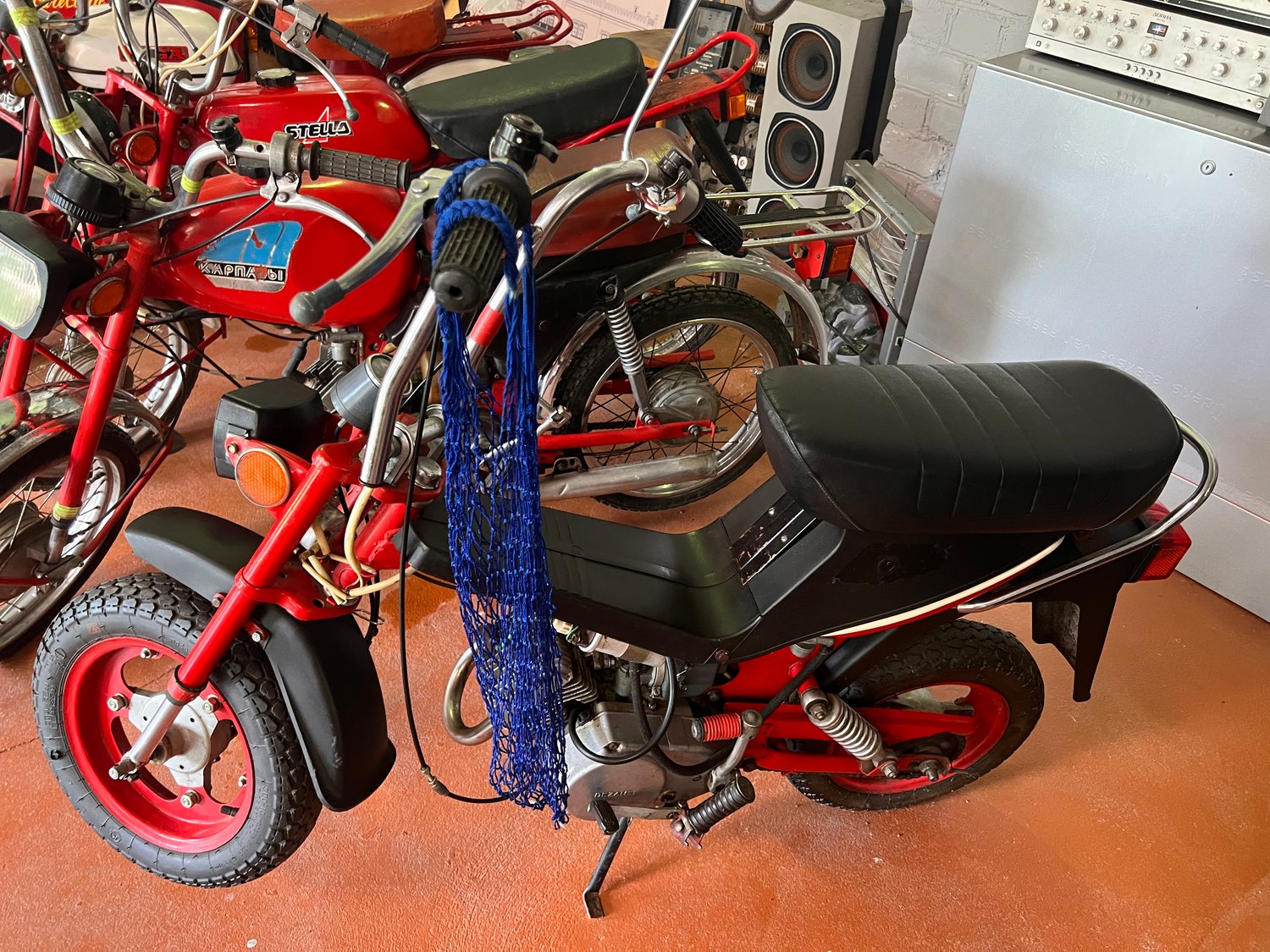 Red moped STELLA is for sale for 10,000.00 EUR. Moped was made in the Soviet Union.
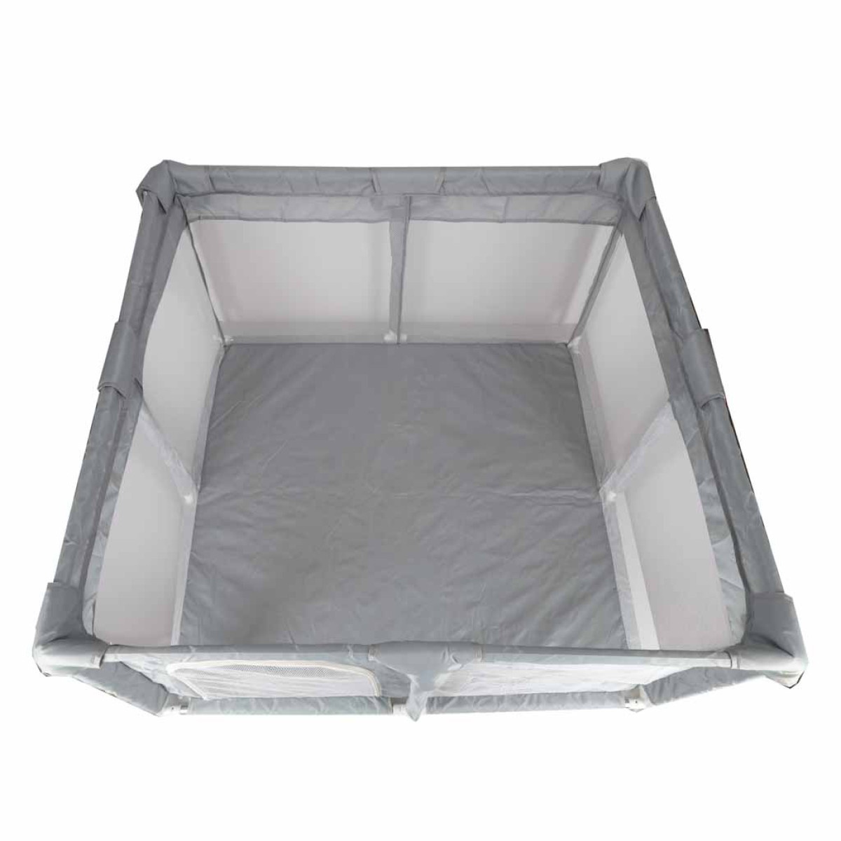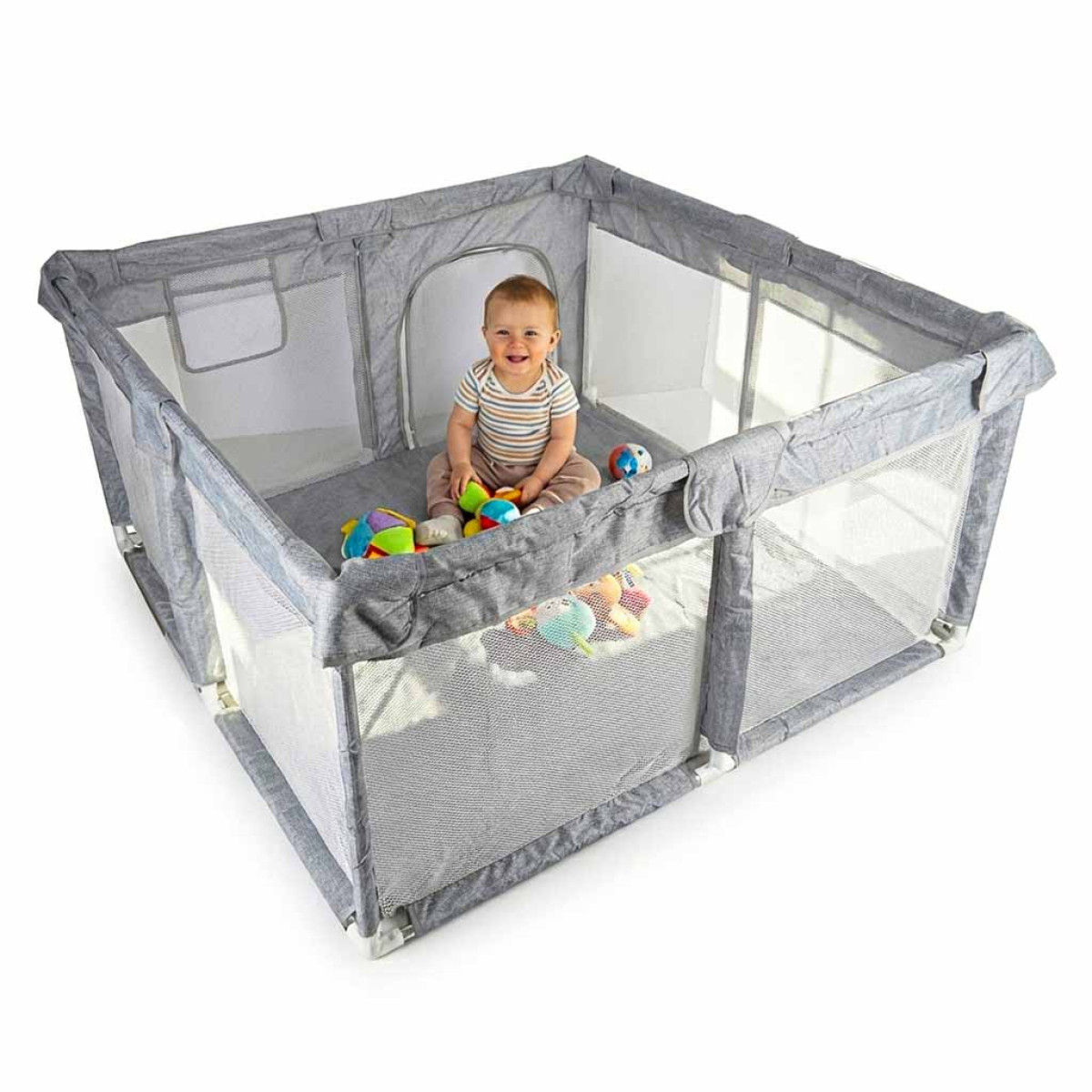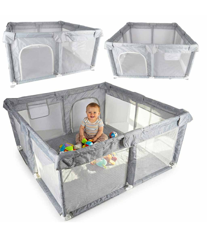 Maniežo šoninės sienelės su tinklelio elementais leidžia matyti vaiką manieže, todėl galite jį stebėti visą laiką. Jungtys su siurbtukais užtikrina, kad maniežas būtų stabilus ir neslystų naudojimo metu.
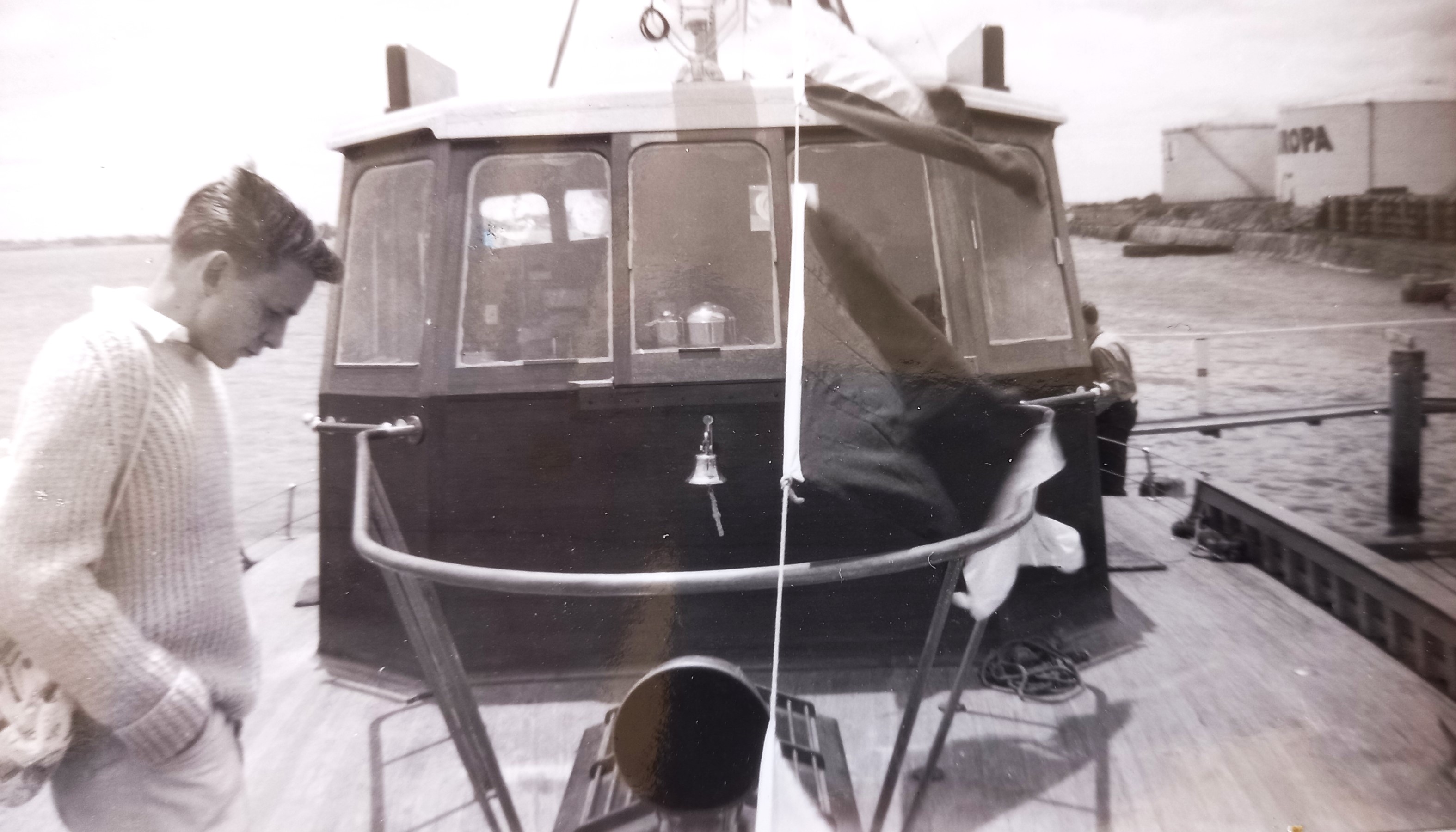 Paul and I discussed the pic -was he one of the M.A.G.S lads who were adrift that day -without a leave pass. He is very well-dressed and he has that bag slung over his shoulder. Also his hairdo is pretty cool. So I’d reckon he was news media or a salesman in the marine trade -she had some expensive kit on board.
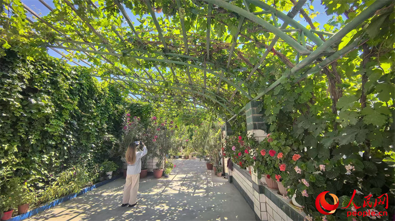 康村民宿院子里的葡萄熟了,鲜花正开得艳丽。人民网记者 陈新辉摄

* WHAT TO PRODUCE
Your output should consist solely of the lines from the line containing "Maniežo šoninės sienelės" through the end of the data above, copied exactly, with images removed.

* FINISHED EXERCISE
 Maniežo šoninės sienelės su tinklelio elementais leidžia matyti vaiką manieže, todėl galite jį stebėti visą laiką. Jungtys su siurbtukais užtikrina, kad maniežas būtų stabilus ir neslystų naudojimo metu.
 Paul and I discussed the pic -was he one of the M.A.G.S lads who were adrift that day -without a leave pass. He is very well-dressed and he has that bag slung over his shoulder. Also his hairdo is pretty cool. So I’d reckon he was news media or a salesman in the marine trade -she had some expensive kit on board.
 康村民宿院子里的葡萄熟了,鲜花正开得艳丽。人民网记者 陈新辉摄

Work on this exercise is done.